(Saved data entries)
____

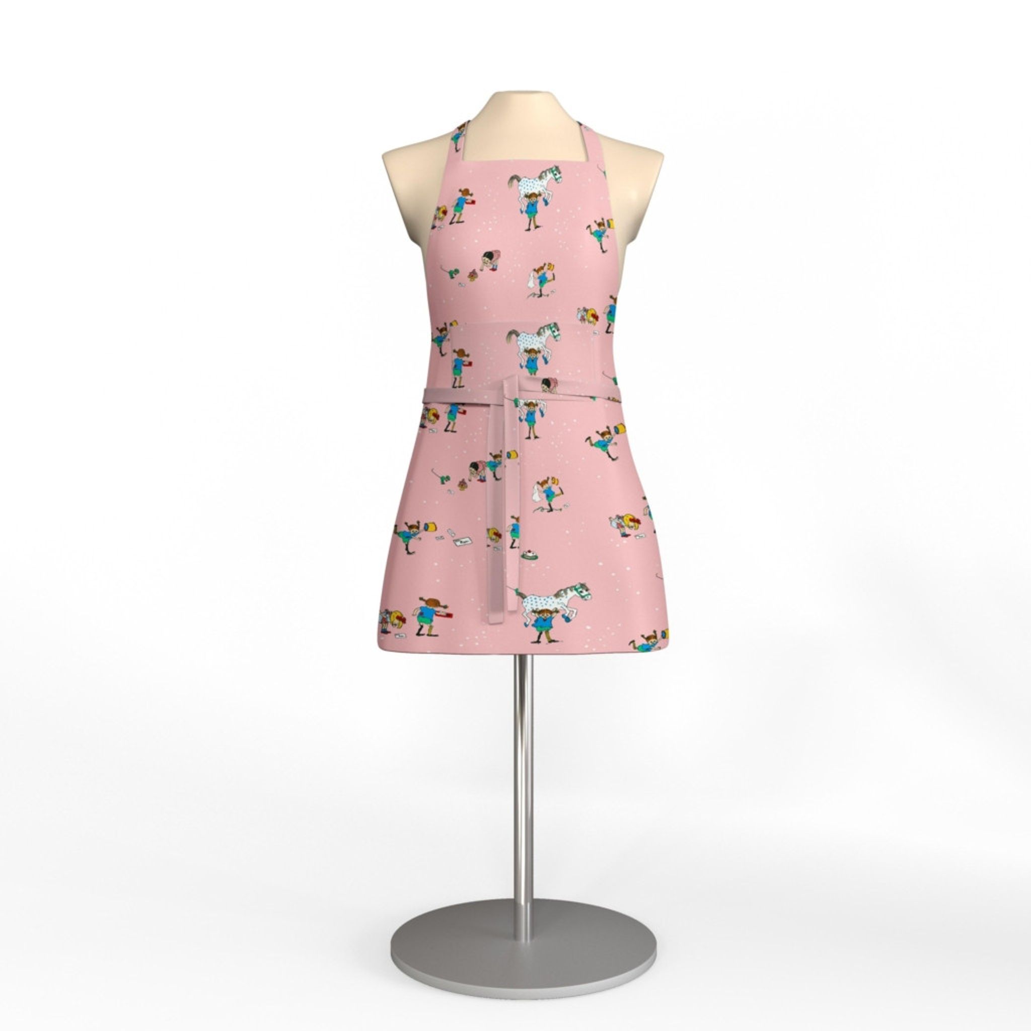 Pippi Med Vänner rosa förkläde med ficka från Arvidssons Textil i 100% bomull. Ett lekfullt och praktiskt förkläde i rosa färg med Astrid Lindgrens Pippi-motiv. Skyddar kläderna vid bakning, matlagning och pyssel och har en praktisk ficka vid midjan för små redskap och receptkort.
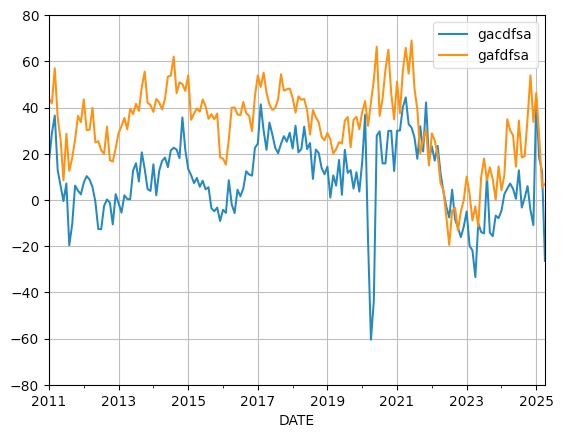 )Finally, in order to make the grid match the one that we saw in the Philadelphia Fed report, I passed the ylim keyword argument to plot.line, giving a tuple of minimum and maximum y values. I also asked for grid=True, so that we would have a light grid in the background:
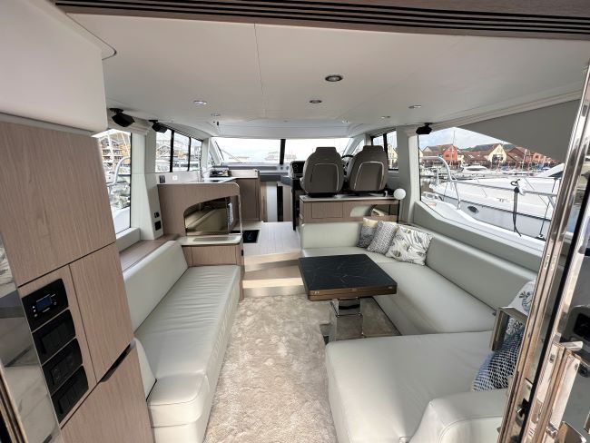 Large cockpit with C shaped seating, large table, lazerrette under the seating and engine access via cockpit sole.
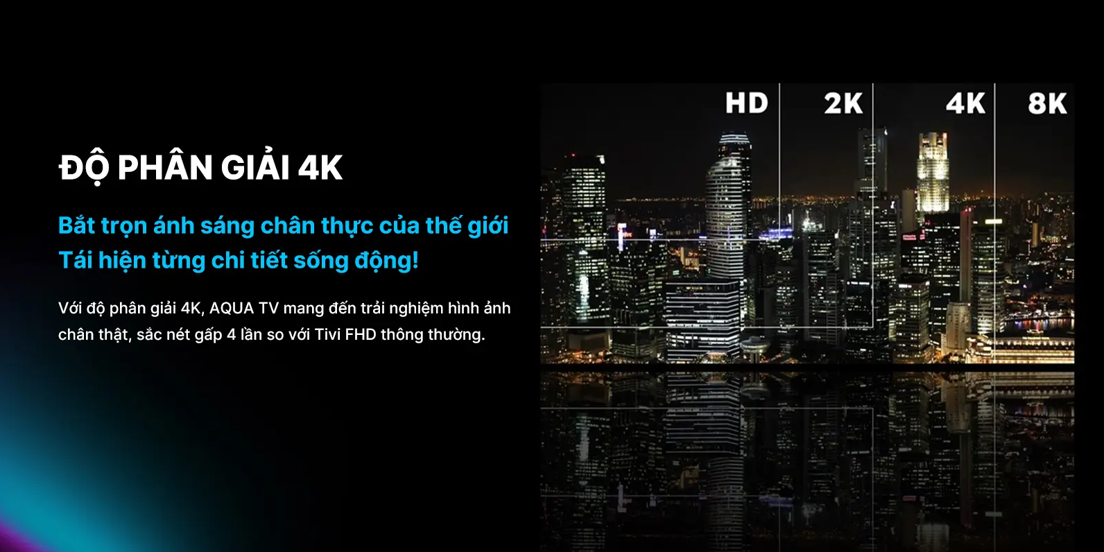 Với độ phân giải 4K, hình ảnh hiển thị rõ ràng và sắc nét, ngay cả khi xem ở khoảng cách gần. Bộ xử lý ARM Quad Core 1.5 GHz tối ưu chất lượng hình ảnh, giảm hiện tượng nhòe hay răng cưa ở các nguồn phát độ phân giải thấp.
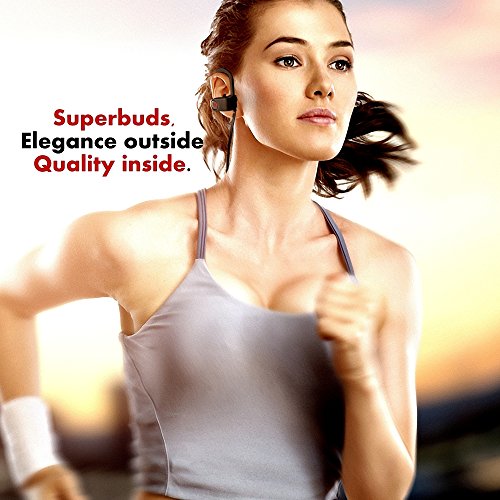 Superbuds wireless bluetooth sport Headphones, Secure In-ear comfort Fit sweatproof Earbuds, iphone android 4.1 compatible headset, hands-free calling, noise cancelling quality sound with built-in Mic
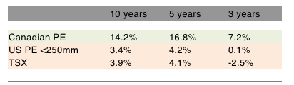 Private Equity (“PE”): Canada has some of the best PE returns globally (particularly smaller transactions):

____

### Exercise
Omit all images when repeating the data above exactly.

### Solved exercise
 Pippi Med Vänner rosa förkläde med ficka från Arvidssons Textil i 100% bomull. Ett lekfullt och praktiskt förkläde i rosa färg med Astrid Lindgrens Pippi-motiv. Skyddar kläderna vid bakning, matlagning och pyssel och har en praktisk ficka vid midjan för små redskap och receptkort.
 )Finally, in order to make the grid match the one that we saw in the Philadelphia Fed report, I passed the ylim keyword argument to plot.line, giving a tuple of minimum and maximum y values. I also asked for grid=True, so that we would have a light grid in the background:
 Large cockpit with C shaped seating, large table, lazerrette under the seating and engine access via cockpit sole.
 Với độ phân giải 4K, hình ảnh hiển thị rõ ràng và sắc nét, ngay cả khi xem ở khoảng cách gần. Bộ xử lý ARM Quad Core 1.5 GHz tối ưu chất lượng hình ảnh, giảm hiện tượng nhòe hay răng cưa ở các nguồn phát độ phân giải thấp.
 Superbuds wireless bluetooth sport Headphones, Secure In-ear comfort Fit sweatproof Earbuds, iphone android 4.1 compatible headset, hands-free calling, noise cancelling quality sound with built-in Mic
 Private Equity (“PE”): Canada has some of the best PE returns globally (particularly smaller transactions):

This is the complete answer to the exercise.